> TASK PROMPT:
Give again, exactly as written, the lines of the records below from the line with "Clock Of Nellore" to the line with "Details: Black Velvet". Both end lines count; pictures do not.

> TASK INPUTS:
Start of Block

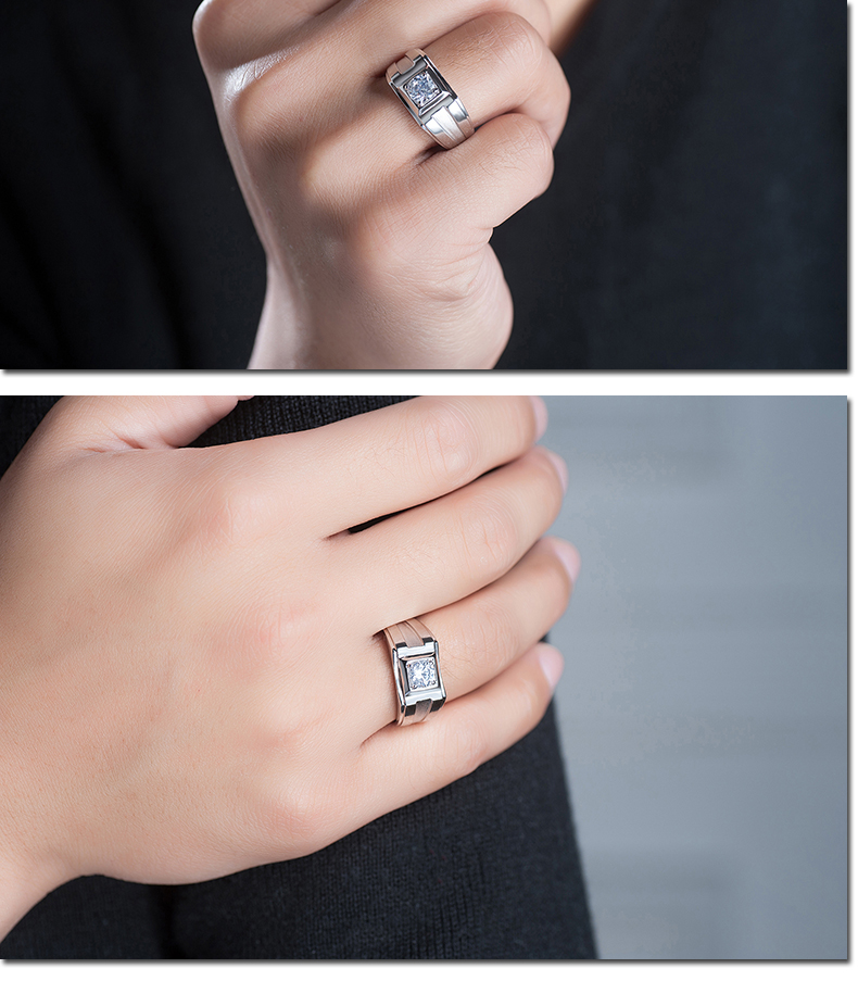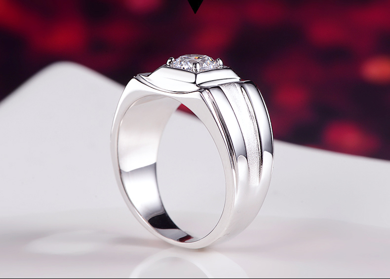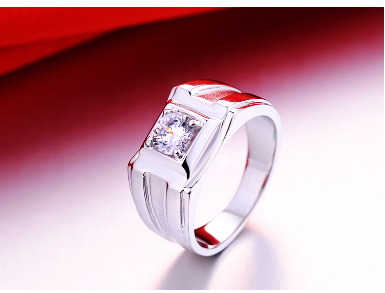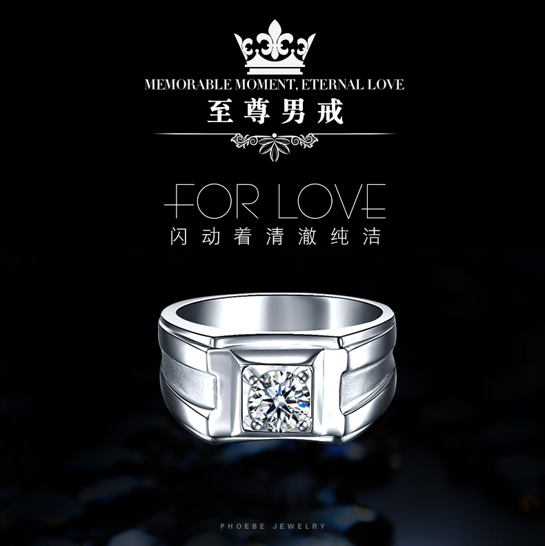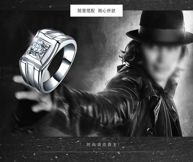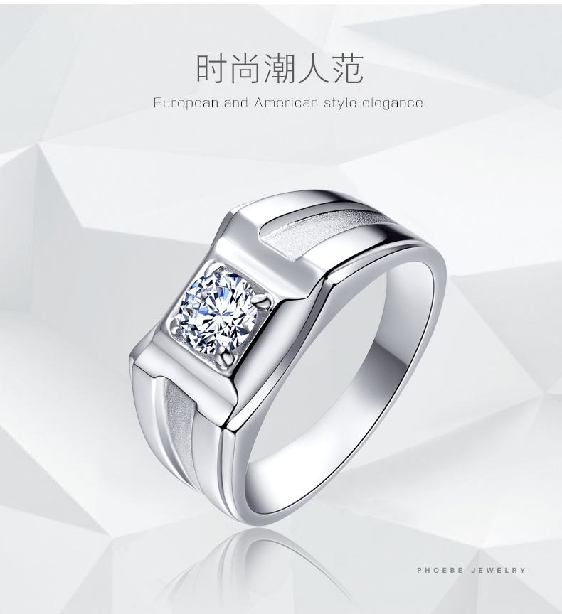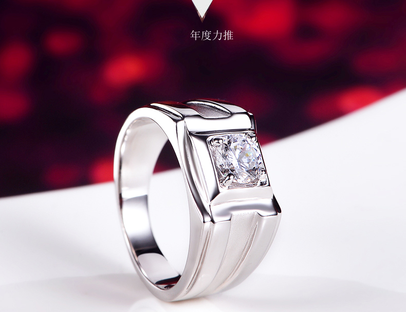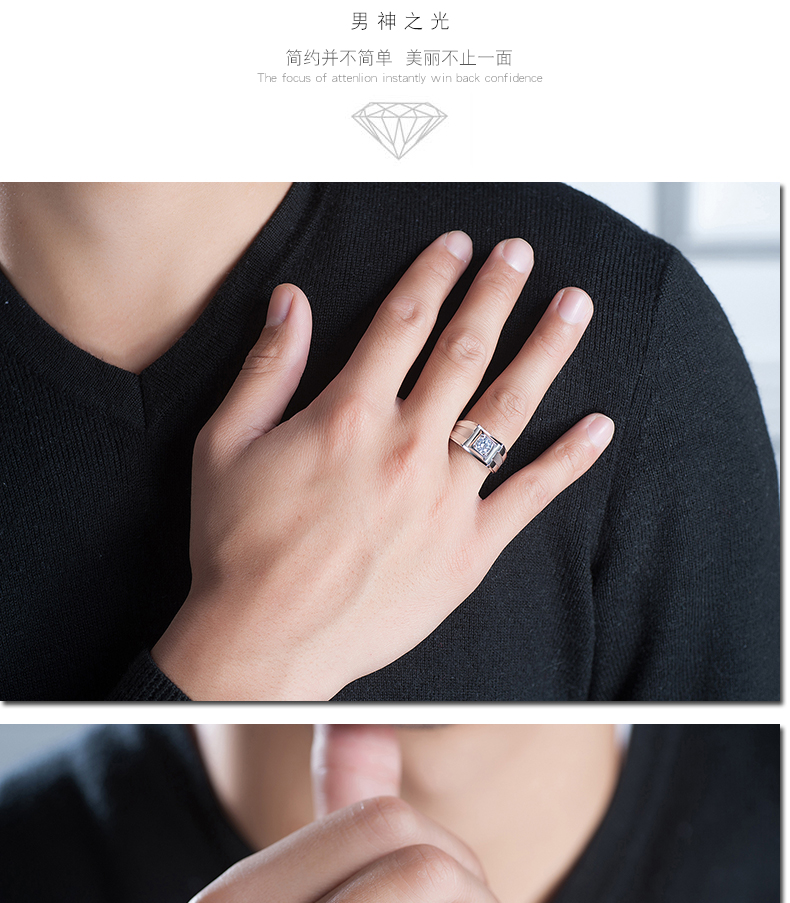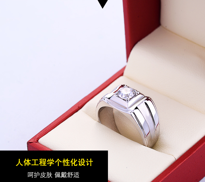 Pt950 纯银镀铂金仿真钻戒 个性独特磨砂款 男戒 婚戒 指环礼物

End of Block
Start of Block

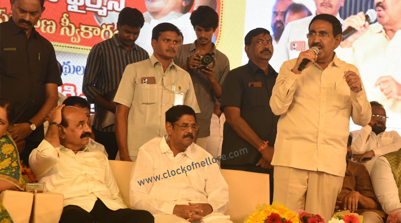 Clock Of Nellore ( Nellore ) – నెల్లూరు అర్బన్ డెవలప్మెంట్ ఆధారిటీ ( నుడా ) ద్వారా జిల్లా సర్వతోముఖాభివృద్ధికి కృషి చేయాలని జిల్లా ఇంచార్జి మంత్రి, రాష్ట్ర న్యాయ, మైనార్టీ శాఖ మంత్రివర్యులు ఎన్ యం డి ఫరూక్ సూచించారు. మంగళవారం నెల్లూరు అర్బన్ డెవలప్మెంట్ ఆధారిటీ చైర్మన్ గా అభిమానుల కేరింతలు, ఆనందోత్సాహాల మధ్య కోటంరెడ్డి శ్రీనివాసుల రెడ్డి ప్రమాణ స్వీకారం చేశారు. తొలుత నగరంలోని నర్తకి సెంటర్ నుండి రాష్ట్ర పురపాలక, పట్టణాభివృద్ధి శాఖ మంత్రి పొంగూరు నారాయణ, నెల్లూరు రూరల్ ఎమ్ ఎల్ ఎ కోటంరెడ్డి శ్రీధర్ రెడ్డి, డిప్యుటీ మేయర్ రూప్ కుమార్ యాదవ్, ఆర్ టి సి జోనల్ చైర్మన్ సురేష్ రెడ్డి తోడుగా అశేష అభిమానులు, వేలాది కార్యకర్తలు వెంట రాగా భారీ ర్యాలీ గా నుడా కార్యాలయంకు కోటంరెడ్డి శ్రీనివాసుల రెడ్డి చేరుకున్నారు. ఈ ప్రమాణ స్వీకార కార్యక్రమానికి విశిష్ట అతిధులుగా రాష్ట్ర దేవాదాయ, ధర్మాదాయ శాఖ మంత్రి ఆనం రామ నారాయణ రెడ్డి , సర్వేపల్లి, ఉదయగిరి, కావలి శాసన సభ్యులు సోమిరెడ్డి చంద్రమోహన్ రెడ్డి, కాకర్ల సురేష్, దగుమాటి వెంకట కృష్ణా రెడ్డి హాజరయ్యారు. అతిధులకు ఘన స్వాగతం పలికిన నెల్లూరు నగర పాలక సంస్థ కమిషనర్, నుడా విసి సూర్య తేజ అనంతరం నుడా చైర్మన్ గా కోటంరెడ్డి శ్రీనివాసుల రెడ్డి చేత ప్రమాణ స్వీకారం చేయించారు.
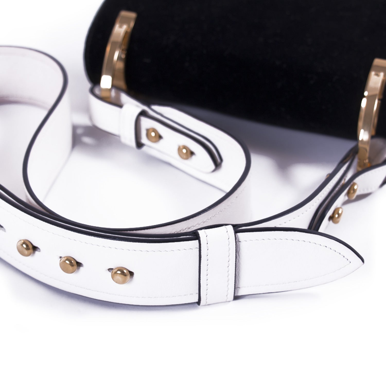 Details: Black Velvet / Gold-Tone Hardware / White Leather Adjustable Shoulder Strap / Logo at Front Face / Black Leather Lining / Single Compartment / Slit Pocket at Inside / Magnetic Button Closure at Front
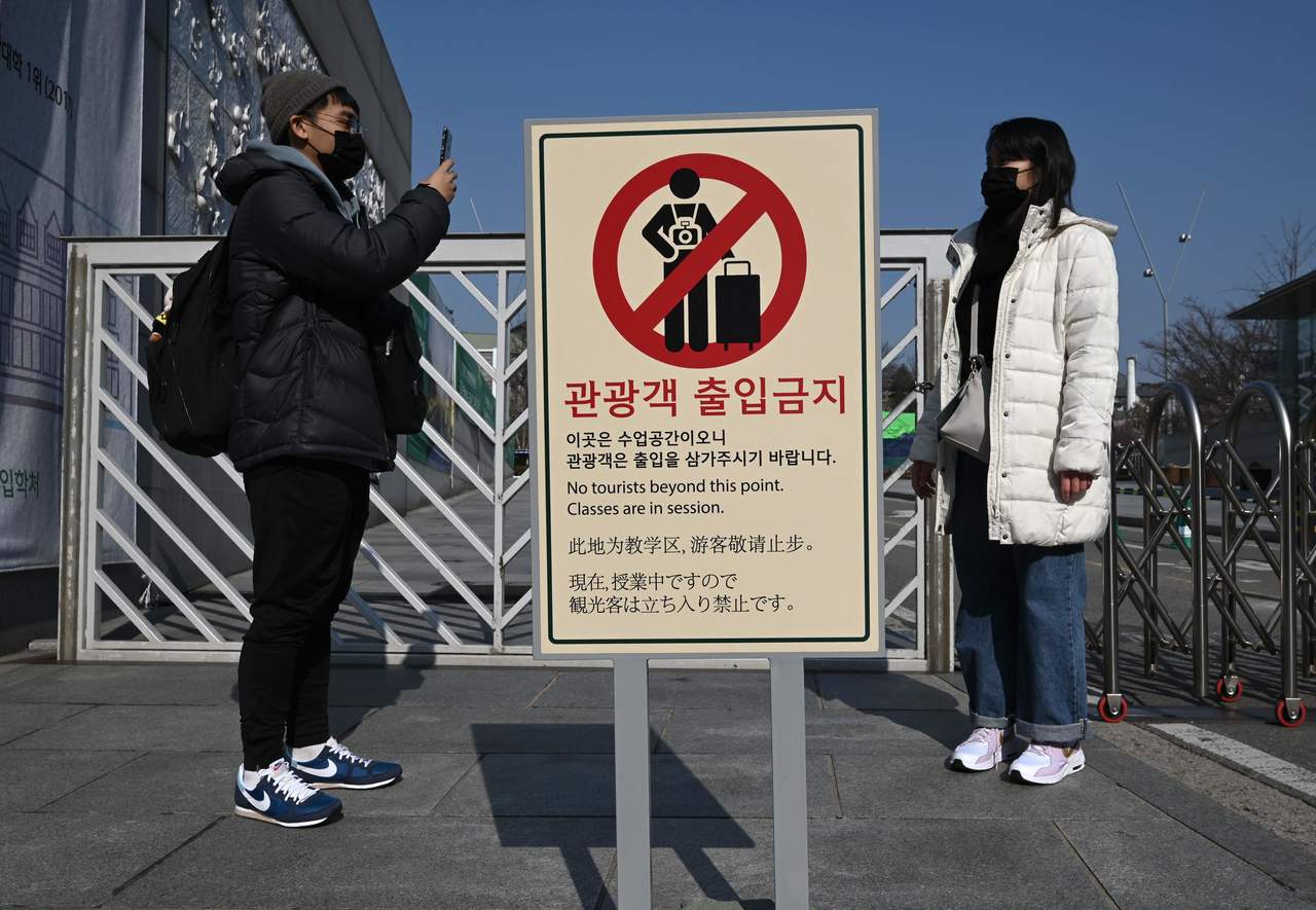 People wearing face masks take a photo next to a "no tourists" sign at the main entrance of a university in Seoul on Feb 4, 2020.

End of Block
Start of Block

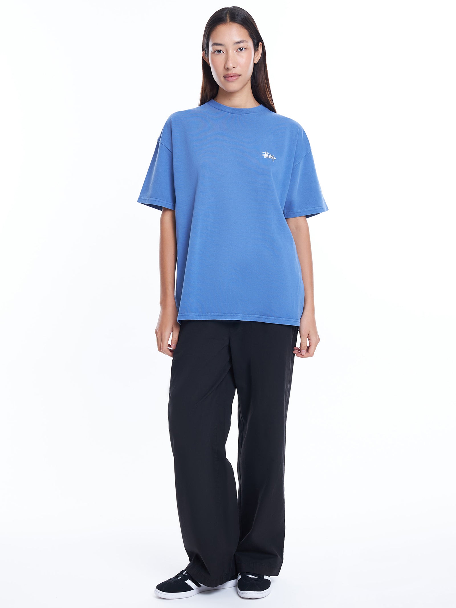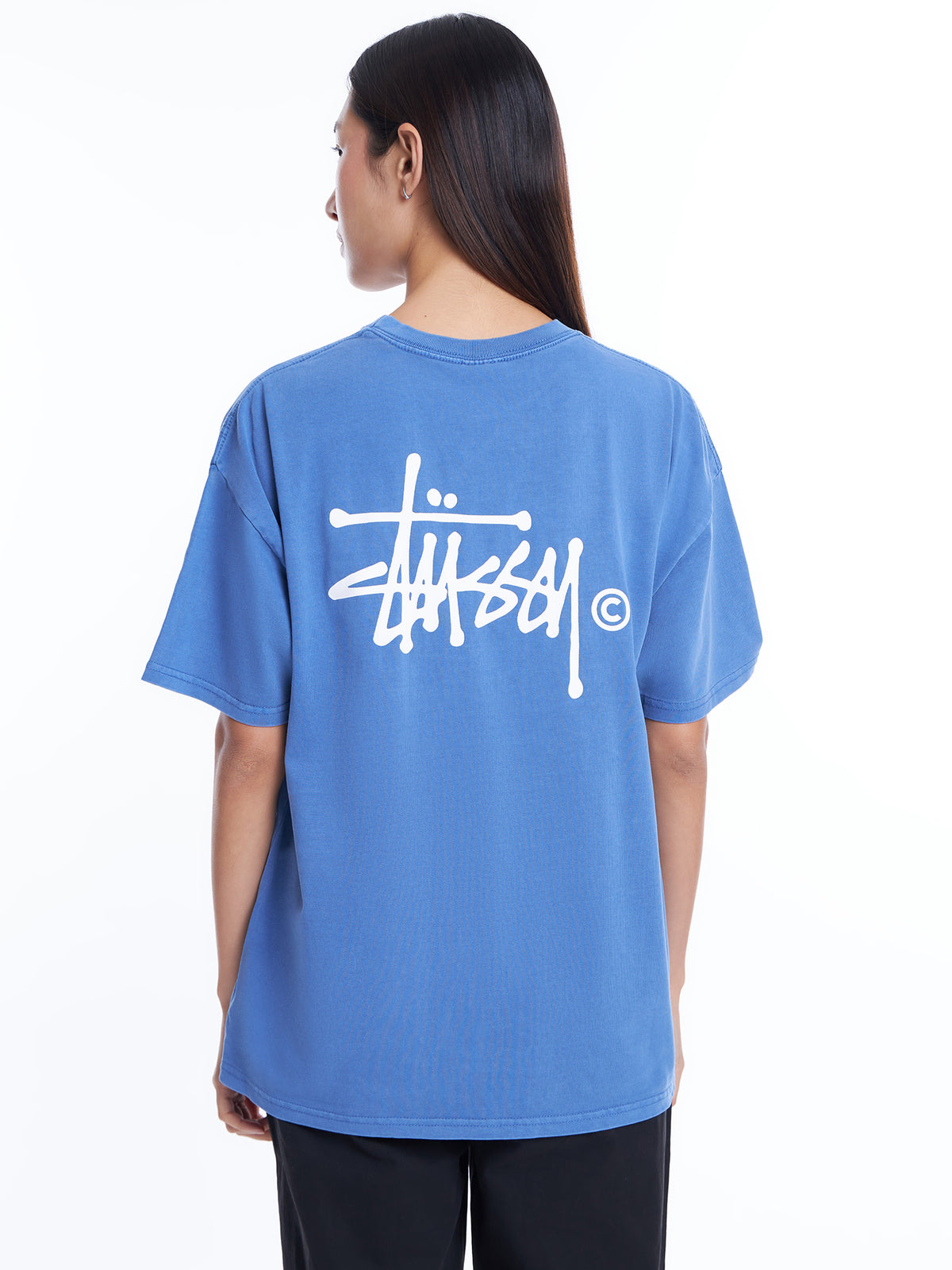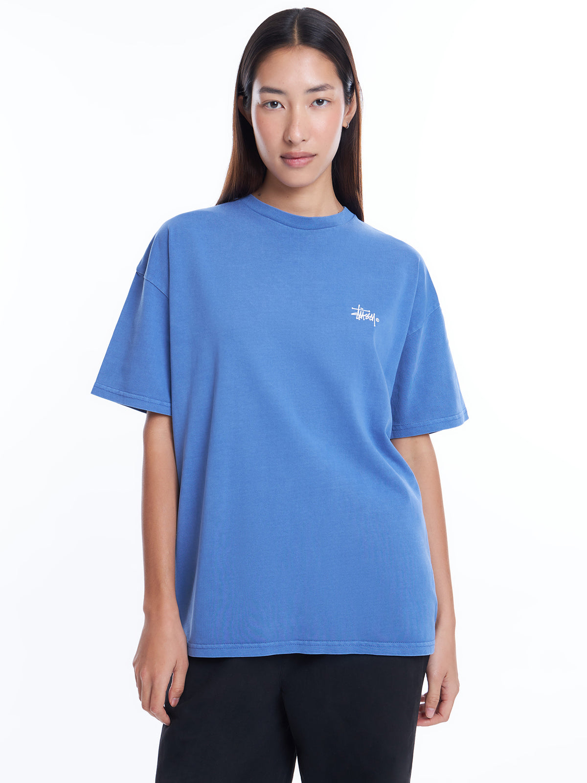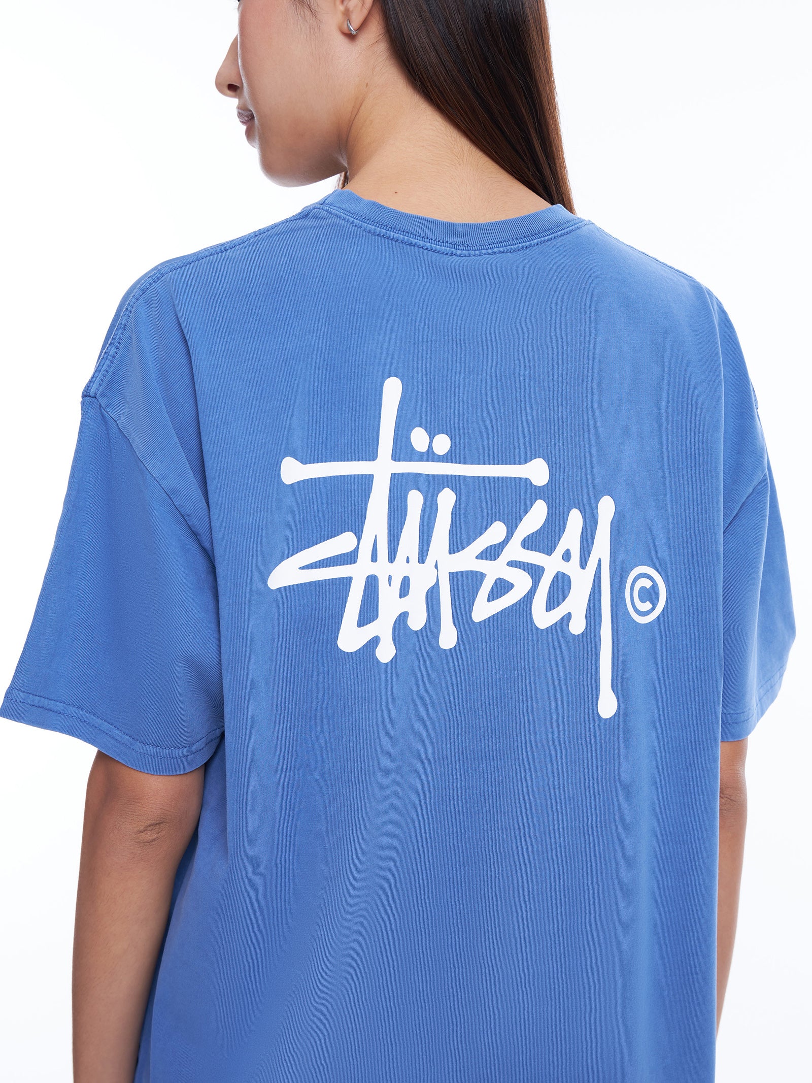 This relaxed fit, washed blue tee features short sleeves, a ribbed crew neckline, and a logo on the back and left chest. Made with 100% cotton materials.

End of Block

> WRITTEN ANSWER:
 Clock Of Nellore ( Nellore ) – నెల్లూరు అర్బన్ డెవలప్మెంట్ ఆధారిటీ ( నుడా ) ద్వారా జిల్లా సర్వతోముఖాభివృద్ధికి కృషి చేయాలని జిల్లా ఇంచార్జి మంత్రి, రాష్ట్ర న్యాయ, మైనార్టీ శాఖ మంత్రివర్యులు ఎన్ యం డి ఫరూక్ సూచించారు. మంగళవారం నెల్లూరు అర్బన్ డెవలప్మెంట్ ఆధారిటీ చైర్మన్ గా అభిమానుల కేరింతలు, ఆనందోత్సాహాల మధ్య కోటంరెడ్డి శ్రీనివాసుల రెడ్డి ప్రమాణ స్వీకారం చేశారు. తొలుత నగరంలోని నర్తకి సెంటర్ నుండి రాష్ట్ర పురపాలక, పట్టణాభివృద్ధి శాఖ మంత్రి పొంగూరు నారాయణ, నెల్లూరు రూరల్ ఎమ్ ఎల్ ఎ కోటంరెడ్డి శ్రీధర్ రెడ్డి, డిప్యుటీ మేయర్ రూప్ కుమార్ యాదవ్, ఆర్ టి సి జోనల్ చైర్మన్ సురేష్ రెడ్డి తోడుగా అశేష అభిమానులు, వేలాది కార్యకర్తలు వెంట రాగా భారీ ర్యాలీ గా నుడా కార్యాలయంకు కోటంరెడ్డి శ్రీనివాసుల రెడ్డి చేరుకున్నారు. ఈ ప్రమాణ స్వీకార కార్యక్రమానికి విశిష్ట అతిధులుగా రాష్ట్ర దేవాదాయ, ధర్మాదాయ శాఖ మంత్రి ఆనం రామ నారాయణ రెడ్డి , సర్వేపల్లి, ఉదయగిరి, కావలి శాసన సభ్యులు సోమిరెడ్డి చంద్రమోహన్ రెడ్డి, కాకర్ల సురేష్, దగుమాటి వెంకట కృష్ణా రెడ్డి హాజరయ్యారు. అతిధులకు ఘన స్వాగతం పలికిన నెల్లూరు నగర పాలక సంస్థ కమిషనర్, నుడా విసి సూర్య తేజ అనంతరం నుడా చైర్మన్ గా కోటంరెడ్డి శ్రీనివాసుల రెడ్డి చేత ప్రమాణ స్వీకారం చేయించారు.
 Details: Black Velvet / Gold-Tone Hardware / White Leather Adjustable Shoulder Strap / Logo at Front Face / Black Leather Lining / Single Compartment / Slit Pocket at Inside / Magnetic Button Closure at Front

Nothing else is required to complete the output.